1. Kenny Easwaran says:

I’ll have to come back to this later to look at the stuff you mention about conditionals – it definitely sounds interesting, but I“ll want more time to think about it. It definitely seems to me that it might give some motivation for this proposal. But the initial motivation you give (which definitely seems more compelling at first) I think isn’t necessarily going to be very strong.

Sometimes getting evidence E is a reason for the agent to have more determinate probabilistic opinions than she previously had. (I’m using ‘determinate’ in a sense such that the agent represented by a single probability function has maximally determinate probabilistic opinions, and the agent represented by the set of all probability functions has maximally indeterminate opinions.)

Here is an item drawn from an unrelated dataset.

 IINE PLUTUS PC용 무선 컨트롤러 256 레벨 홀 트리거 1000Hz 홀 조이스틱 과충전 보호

I agree with all of this. However, there are still several ways to measure “more determinate”. The one initially suggested by this phrasing would be a measure of the cardinality of the set of probability functions – but this just isn’t going to be a very fine-grained measure of determinateness at all, because presumably the set of functions will have at least continuum-many functions most of the time, as long as there is some proposition whose probability is spread out over an interval.

Perhaps a better way to measure the determinateness of a set of functions is to fix a proposition and measure the difference between the highest and lowest probabilities assigned by functions in the set. (The reason I want to fix the proposition first is that I’m pretty sure that for any two distinct probability functions, you can probably find a proposition that one assigns probability 1 and the other assigns probability 0 – at least, if one considers conditional probabilities as well as unconditional ones.)

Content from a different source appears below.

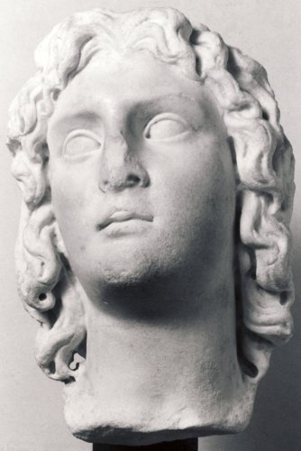 Testa di giovane uomo imberbe e con lunghi capelli mossi. La posizione è leggermente reclinata e volta a guardare verso l'alto. Il viso è caratterizzato da grandi occhi e guance piene.

Now if we consider this “spread” on any particular proposition as the measure of indeterminateness of a set of probability functions, we might not ever need to eliminate any of the functions in order to increase determinateness as we update. I haven’t reviewed the limit theorems for bayesian updating, but I think they say that any two probability functions, with probability 1, will eventually converge (in probability?) to the truth, given reasonable evidence. This eventual pairwise convergence certainly doesn’t guarantee eventual convergence of an entire infinite set (after all, starting with the complete set of all functions, each of the updated versions will have maximal spread after any set of data that doesn’t logically entail the proposition in question).

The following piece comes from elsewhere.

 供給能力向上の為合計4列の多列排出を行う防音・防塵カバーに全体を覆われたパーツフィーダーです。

However, if the initial set of probability functions has some bounded spread on a suitably large class of propositions, I conjecture that this spread will gradually decrease as they conditionalize on the same evidence, with no need to drop any functions.

Of course, there may be other reasons to drop functions, for instance to model the fact that E can cause us to believe P even if we don’t antecedently believe E->P.

2. Brian Weatherson says:

I’m not sure that we need a measure of determinacy in order to say that one credal state is more determinate than another. I was simply taking it as a premise that if S1 is a subset of S2, then a credal state modelled by S1 is more determinate than S2. I don’t think that commits me to the existence of a measure of determinacy – largely because I don’t think that commits me to ‘more determinate than’ being a linear order. This could be wrong though, I certainly haven’t worked through the details in any depth.

Now there is one complication here, namely that contracting and conditionalising in general won’t result in a set that’s a subset of the original. But it can be broken down into two parts, namely contraction and conditionalisation, and the first of these seems to be a way to get to a more determinate state.